Slider handed over more napkins and said, ‘Are you sure he never said anything about where he went in Suffolk? Or why he went? The name of the hospital. Did he mention a town? Or tell you about his journey? You know – “there were roadworks on the A45”, or “the traffic was terrible through Saffron Walden”. Anything like that?’

‘No. He didn’t talk about driving or traffic or dull stuff like that.’

Definitely a man in a million, Slider thought. Where two or three men are gathered together, there shall routes be discussed. How could any red-blooded male drive regularly to Suffolk and never so much as mention the Army and Navy roundabout, necessity of avoiding, the Thetford bypass, difference made by, or the little-known short cut that shaved ten minutes off the Royston to Bury leg?

He changed tack. ‘You said you met him at the office. Did he often call in?’

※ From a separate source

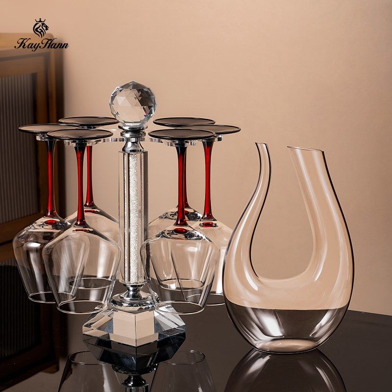 勃艮第红酒杯轻奢高级感家用高脚杯醒酒器套装2025新款架子倒挂

‘No, I think I’ve only seen him there three or four times since we opened. I suppose
she
scared him off. But he rang her up sometimes. Nora answered the phone and put the calls through to Amanda, and I’d hear her say, “It’s David Rogers for you.”’

‘How often?’

‘Oh, not often. It’d be once a month or less – except this last few weeks. Then it was a couple of times a week.’

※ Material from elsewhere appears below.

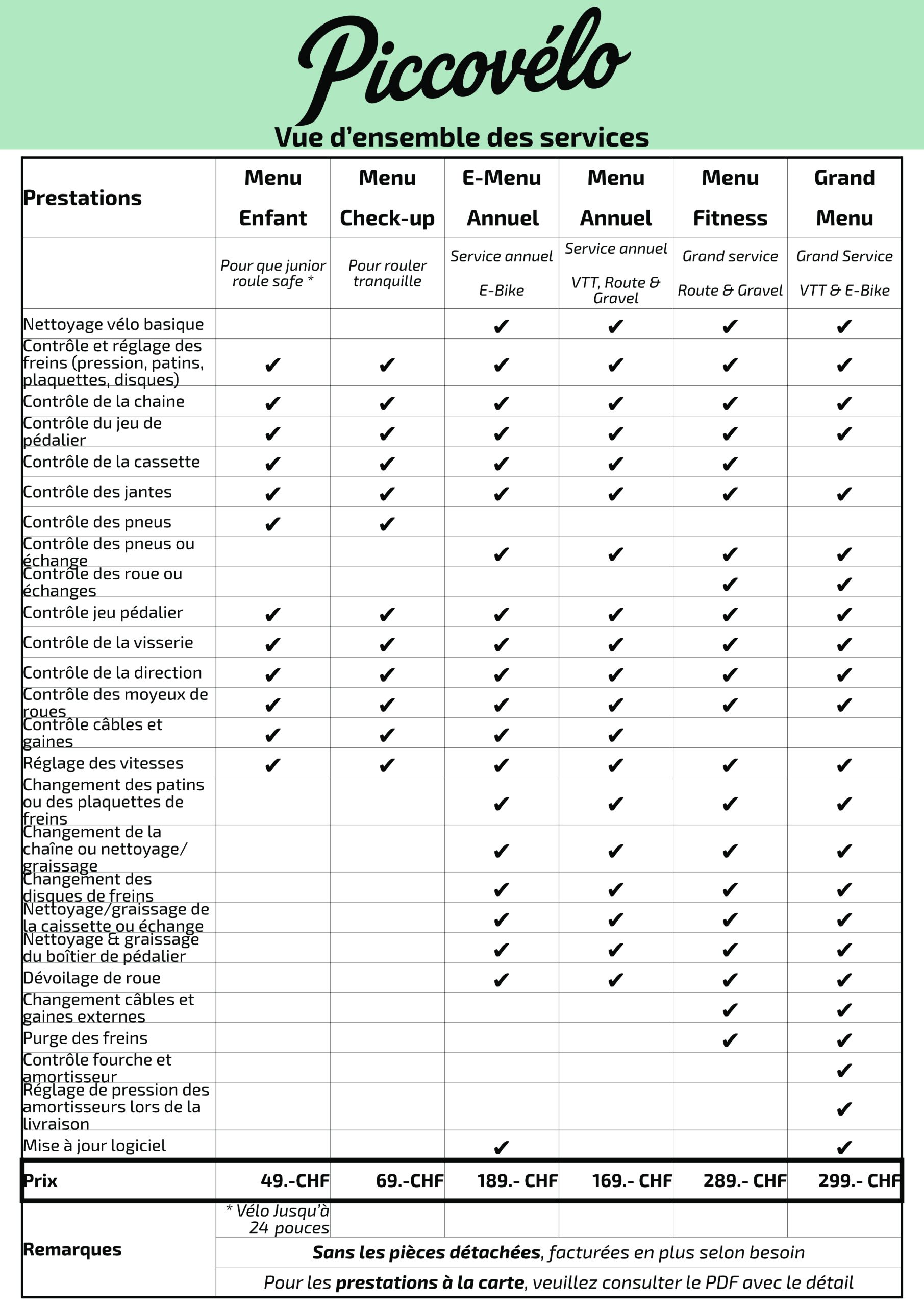 Vous trouverez également une liste des prestations disponibles à la carte.

‘You didn’t ever hear anything that was said?’ Slider asked without hope.

She shook her head. ‘They weren’t long calls, and you could tell they made her mad, because she’d slam the phone down, and once I went in with some typing straight after and she had a face like thunder for a second before she hid it. I thought maybe he was trying to soften her up for him and me moving in together. But maybe—’ She looked at them with pitiful and failing hope. ‘I suppose it probably wasn’t that? I suppose it was this trouble he was in?’ Slider didn’t answer. ‘But why would he talk to her about it and not me about it? I thought he loved me.’

‘That was a sickening spectacle,’ Atherton commented when they were alone again, heading back for the car.

‘I like liver sausage,’ Slider said. ‘And no one asked you to watch me eat it.’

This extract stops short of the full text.